Greece moving forth from Eurogroup with obligations

A barrage of measures aimed at bringing money to Greece

The Greek government is exploring a new ‘wave’ of measures to be discussed over the coming week so as to loosen the bonds threatening the Greek economy. If all goes well, Finance Minister Yanis Varoufakis hopes to see the immediate release of 50% of the 7.2-bln-euro tranche benchmarked for Greece but which had been ‘frozen’. This move allows Greece to receive two installments of 1.8 bln euros each.

In the framework of new decisions, the Finance Minister needs to –

* create a provision for a new tax amnesty for undeclared income that will probably be incorporated into the settlement for 100 debt installments.

* create an amendment for transfer pricing.
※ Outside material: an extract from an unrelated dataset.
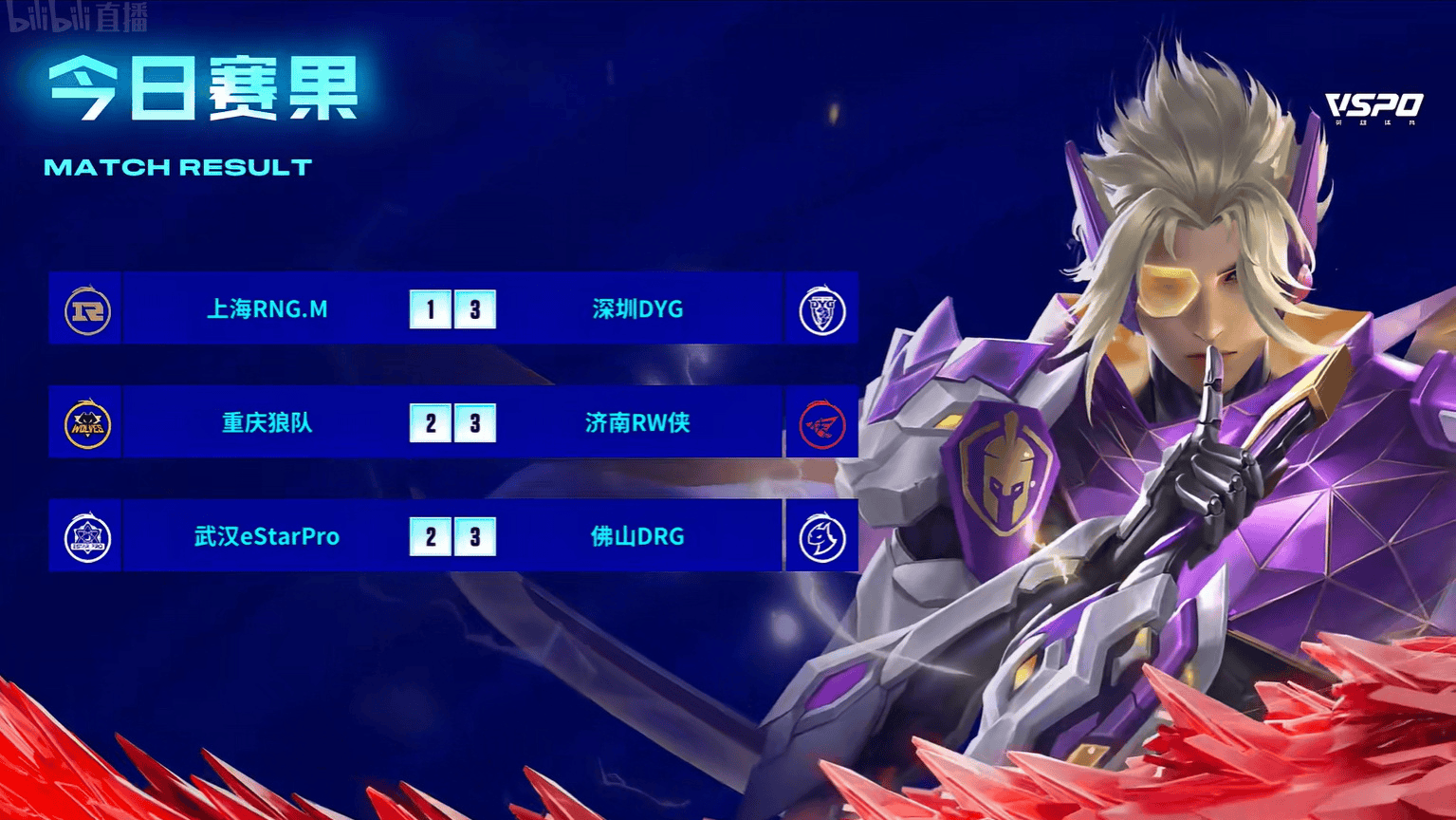[今日赛果]DRG战胜ES,RW侠战胜狼队,百兽领跑MVP榜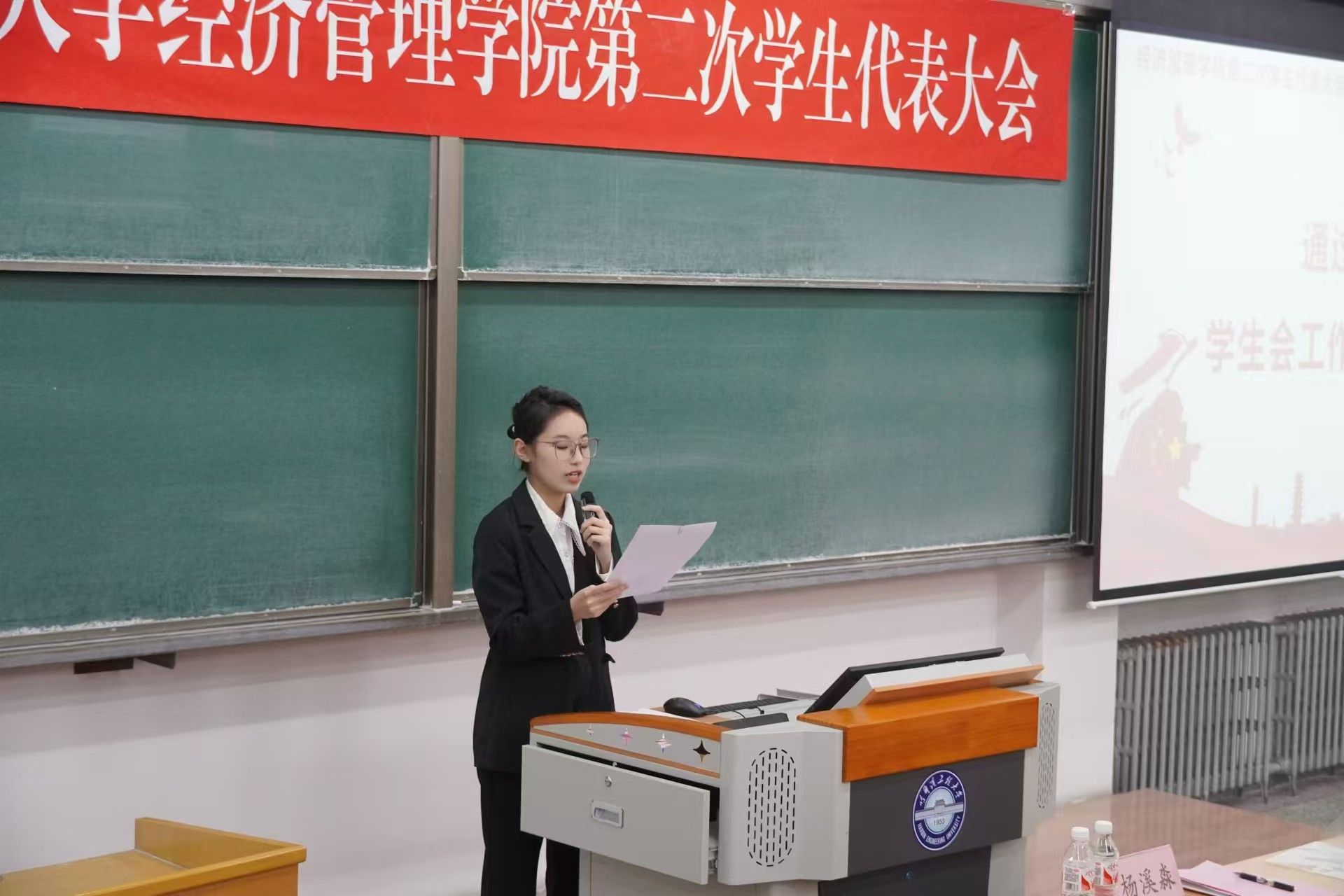 2024年11月9日,太阳成集团tyc9728第二次学生代表大会在逸夫楼04教室召开。太阳成集团tyc9728党委副书记杨溪淼、学院团委书记吴昊格、学院学生会秘书长张胜强及90余名太阳成集团tyc9728学生代表参会。

Although this is a ‘scientific’ form of multinational form, there is a framework for the provision and documentation and data already created by the previous government.

* create measures to deal with the humanitarian crisis worth 200 mln euros from funds saved from operational costs.

In the second phase, at the end of March or start of April, Greece – in collaboration with the institutions – needs to:

* clarify the obligations and motivations citizens will have to seek receipts.

* proceed in offering electronic gambling licenses.

* create pilot programs for part-time supervisors (students, pensioners, housewives) in order to ensure that receipts and VAT are paid.